Record Set

An in-memory or transient representation of tabular data, usually the result of a query issued by an application or data-related tool.

A RecordSet is an in-memory structure that looks exactly like the result of a SQL query, but which can be generated and manipulated by parts of the system other than the relational database system.

See http://martinfowler.com/eaaCatalog/recordSet.html for full description

Also known as: RowSet?, DataSet, ResultSet

So what is a RecordSet ??? An in-memory representation of "tabular" data is, we all know, a bidimensional array, no need to label that as a pattern. We might attach string labels to column indices to make it more "table-like". Is it that, or is it rather an array of hashmaps, or is a set of hasmaps, or is it really a set of records where a record is ... ? What makes this organization interesting, and what interfaces should this aggregate expose in order to be both interesting and useful? MartinFowler left me puzzled on these questions, he doesn't seem to define any solution at all, the only concrete recommendation is to make something that "looks exactly like the results of a query". And the UML on top of that page is inaccurate.
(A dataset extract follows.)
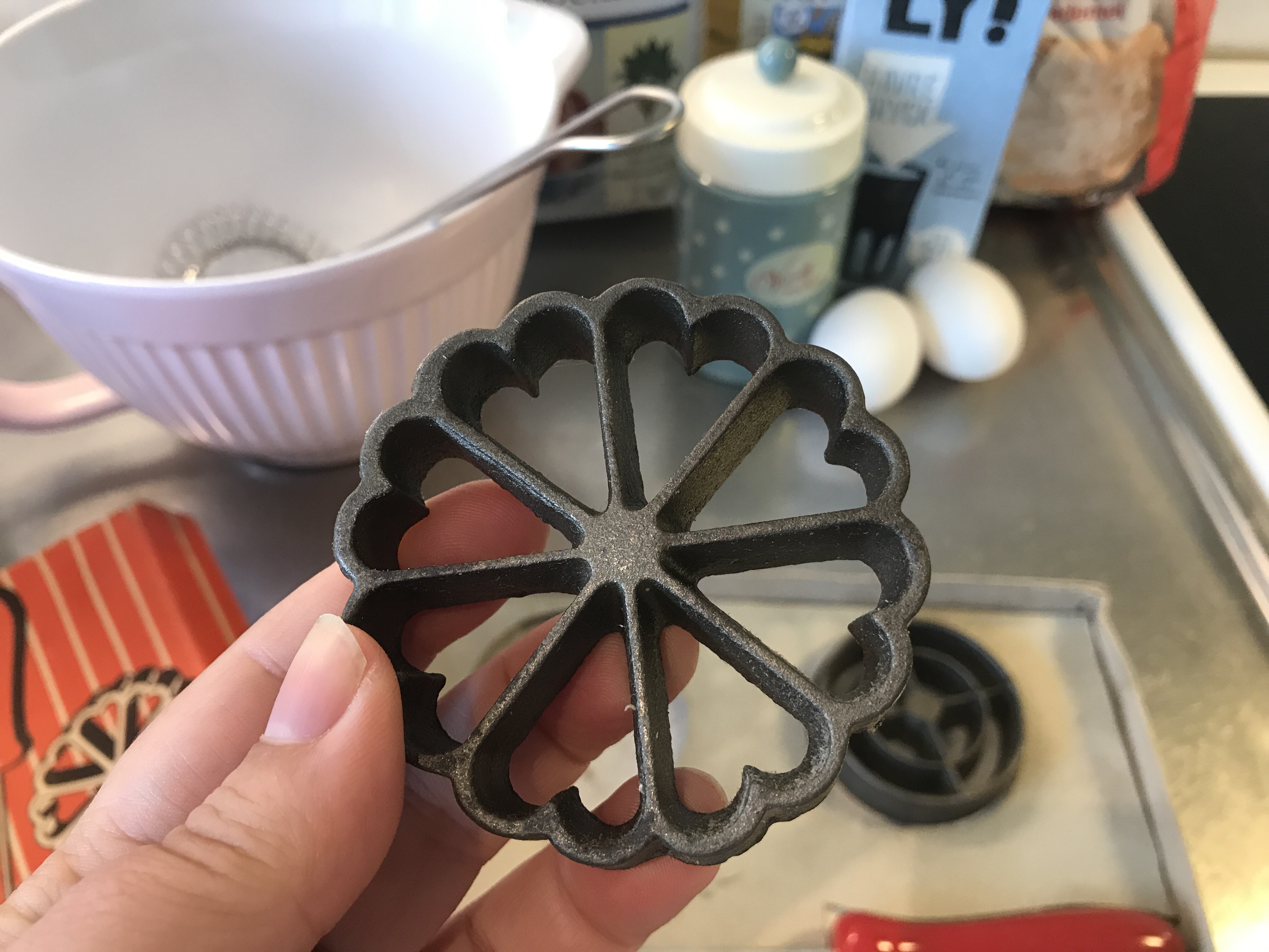 Varje julmarknad jag besöker köper jag antingen rullrån eller struvor. Det är ju så gott. I julas fick jag den bästa julklappen – ett struvjärn (jag har ingen aning om det heter så) av mamma. Nu var det dags att testa baka egna sådana!

My recommendation is to read both the help and the actual design/source code behind DelphiLanguage: TDataField/TDataSource/TDataSet/TTable/TQuery/TStoredProcedure set of classes, or alternatively the documentation for ADO.NET. --CostinCozianu

Is it required that a RecordSet be in-memory? If the SQL query returns a lot of data that's definitely not what you want. Java ResultSets, for one, are not always in-memory for this reason.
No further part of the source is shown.